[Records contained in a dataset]
■ ■ ■ ■ ■ ■ ■

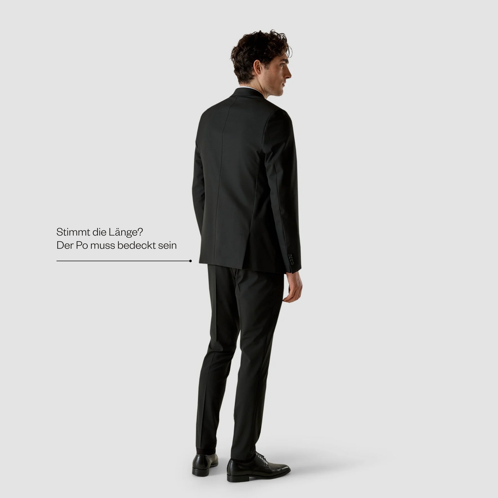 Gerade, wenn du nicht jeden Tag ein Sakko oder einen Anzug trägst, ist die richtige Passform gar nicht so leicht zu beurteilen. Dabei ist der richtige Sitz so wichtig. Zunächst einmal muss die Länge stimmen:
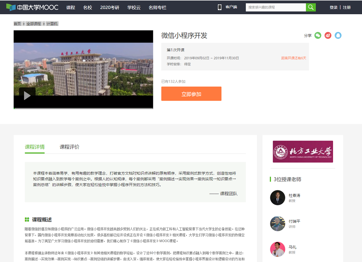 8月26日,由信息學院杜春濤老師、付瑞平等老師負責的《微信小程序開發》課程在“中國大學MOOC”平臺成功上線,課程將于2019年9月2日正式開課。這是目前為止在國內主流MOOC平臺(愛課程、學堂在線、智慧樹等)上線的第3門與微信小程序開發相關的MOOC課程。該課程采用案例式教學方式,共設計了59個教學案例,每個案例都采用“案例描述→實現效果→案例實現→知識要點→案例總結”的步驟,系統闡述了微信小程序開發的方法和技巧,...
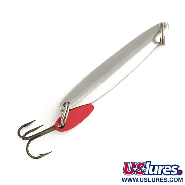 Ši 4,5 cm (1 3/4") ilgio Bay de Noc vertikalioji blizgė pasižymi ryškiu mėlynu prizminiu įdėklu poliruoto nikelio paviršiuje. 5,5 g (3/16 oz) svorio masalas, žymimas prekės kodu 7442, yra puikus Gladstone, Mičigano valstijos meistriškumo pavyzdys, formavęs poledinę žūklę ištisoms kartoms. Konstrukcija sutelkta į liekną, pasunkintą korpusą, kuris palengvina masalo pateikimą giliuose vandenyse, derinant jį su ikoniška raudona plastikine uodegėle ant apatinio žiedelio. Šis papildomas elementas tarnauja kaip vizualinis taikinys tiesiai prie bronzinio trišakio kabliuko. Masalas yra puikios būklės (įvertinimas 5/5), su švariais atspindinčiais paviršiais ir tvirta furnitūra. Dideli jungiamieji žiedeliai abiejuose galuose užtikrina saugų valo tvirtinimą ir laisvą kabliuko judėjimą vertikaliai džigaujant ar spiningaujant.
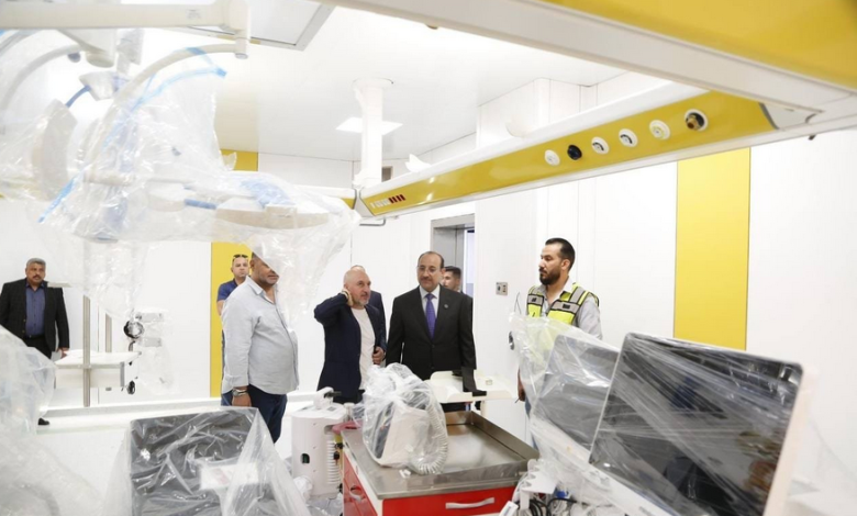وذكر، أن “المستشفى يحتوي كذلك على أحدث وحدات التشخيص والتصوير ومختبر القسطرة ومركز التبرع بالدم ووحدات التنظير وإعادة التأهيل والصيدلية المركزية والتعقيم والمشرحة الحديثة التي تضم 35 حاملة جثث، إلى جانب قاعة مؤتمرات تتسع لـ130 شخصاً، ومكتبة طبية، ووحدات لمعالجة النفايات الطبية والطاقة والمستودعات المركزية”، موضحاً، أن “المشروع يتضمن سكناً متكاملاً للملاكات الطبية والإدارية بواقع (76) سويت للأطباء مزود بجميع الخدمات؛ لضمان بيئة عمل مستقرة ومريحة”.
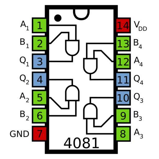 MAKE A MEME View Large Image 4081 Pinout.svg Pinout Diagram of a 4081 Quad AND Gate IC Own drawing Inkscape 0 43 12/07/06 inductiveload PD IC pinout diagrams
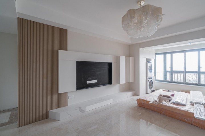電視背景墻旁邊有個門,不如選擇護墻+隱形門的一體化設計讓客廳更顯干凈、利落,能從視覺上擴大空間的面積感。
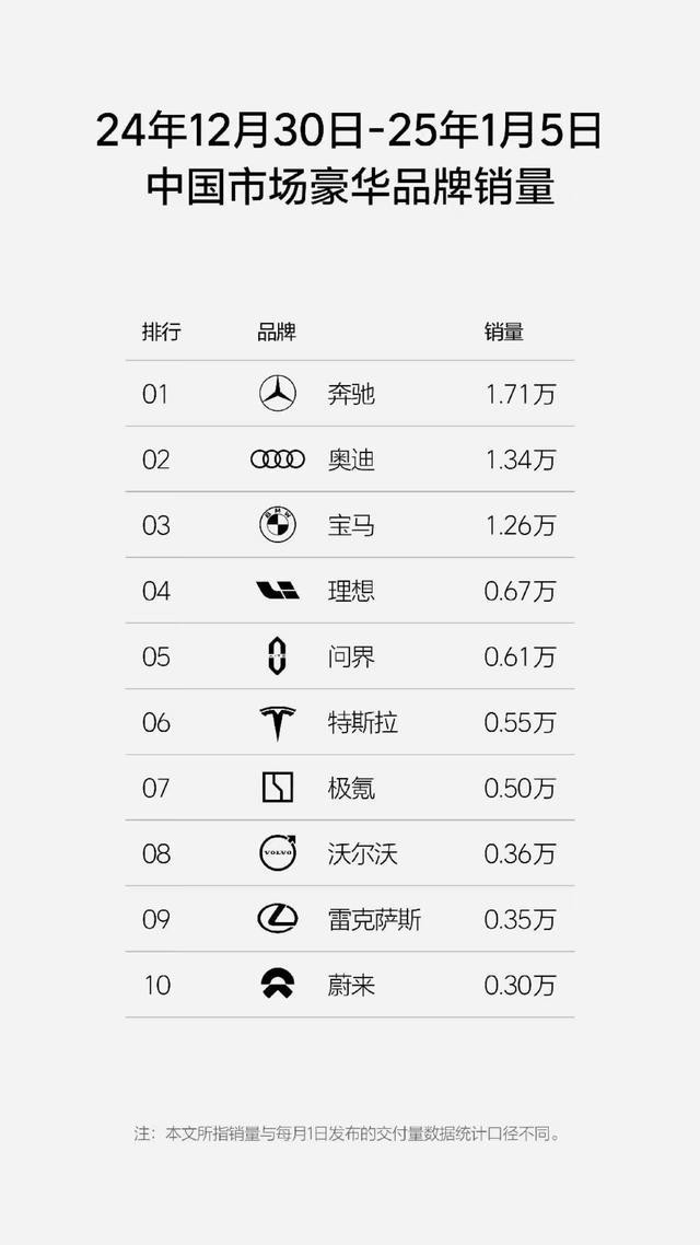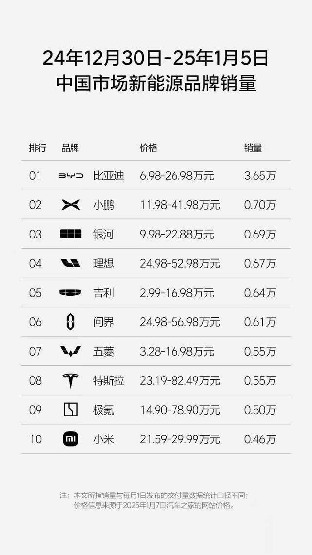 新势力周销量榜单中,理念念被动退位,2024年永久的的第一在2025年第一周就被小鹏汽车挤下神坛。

■ ■ ■ ■ ■ ■ ■

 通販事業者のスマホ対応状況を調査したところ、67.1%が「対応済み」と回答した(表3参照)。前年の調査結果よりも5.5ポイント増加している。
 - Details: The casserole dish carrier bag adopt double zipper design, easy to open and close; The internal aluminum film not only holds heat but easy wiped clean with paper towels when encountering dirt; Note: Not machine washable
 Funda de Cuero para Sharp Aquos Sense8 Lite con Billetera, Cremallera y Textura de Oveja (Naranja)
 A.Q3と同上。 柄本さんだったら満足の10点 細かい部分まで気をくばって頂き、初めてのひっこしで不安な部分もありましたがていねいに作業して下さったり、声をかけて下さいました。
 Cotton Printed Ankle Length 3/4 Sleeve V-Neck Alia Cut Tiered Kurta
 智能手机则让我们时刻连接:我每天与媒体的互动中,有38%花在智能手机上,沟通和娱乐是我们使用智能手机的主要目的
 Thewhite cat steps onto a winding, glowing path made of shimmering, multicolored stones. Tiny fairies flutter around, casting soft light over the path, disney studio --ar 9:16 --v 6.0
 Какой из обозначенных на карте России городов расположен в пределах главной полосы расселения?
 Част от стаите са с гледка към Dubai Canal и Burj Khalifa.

■ ■ ■ ■ ■ ■ ■

### What the task requires
Restate word for word the entries above, starting at the line with "通販事業者のスマホ対応状況を" and ending at the line with "Част от стаите", inclusive, and no others.

### Result
 通販事業者のスマホ対応状況を調査したところ、67.1%が「対応済み」と回答した(表3参照)。前年の調査結果よりも5.5ポイント増加している。
 - Details: The casserole dish carrier bag adopt double zipper design, easy to open and close; The internal aluminum film not only holds heat but easy wiped clean with paper towels when encountering dirt; Note: Not machine washable
 Funda de Cuero para Sharp Aquos Sense8 Lite con Billetera, Cremallera y Textura de Oveja (Naranja)
 A.Q3と同上。 柄本さんだったら満足の10点 細かい部分まで気をくばって頂き、初めてのひっこしで不安な部分もありましたがていねいに作業して下さったり、声をかけて下さいました。
 Cotton Printed Ankle Length 3/4 Sleeve V-Neck Alia Cut Tiered Kurta
 智能手机则让我们时刻连接:我每天与媒体的互动中,有38%花在智能手机上,沟通和娱乐是我们使用智能手机的主要目的
 Thewhite cat steps onto a winding, glowing path made of shimmering, multicolored stones. Tiny fairies flutter around, casting soft light over the path, disney studio --ar 9:16 --v 6.0
 Какой из обозначенных на карте России городов расположен в пределах главной полосы расселения?
 Част от стаите са с гледка към Dubai Canal и Burj Khalifa.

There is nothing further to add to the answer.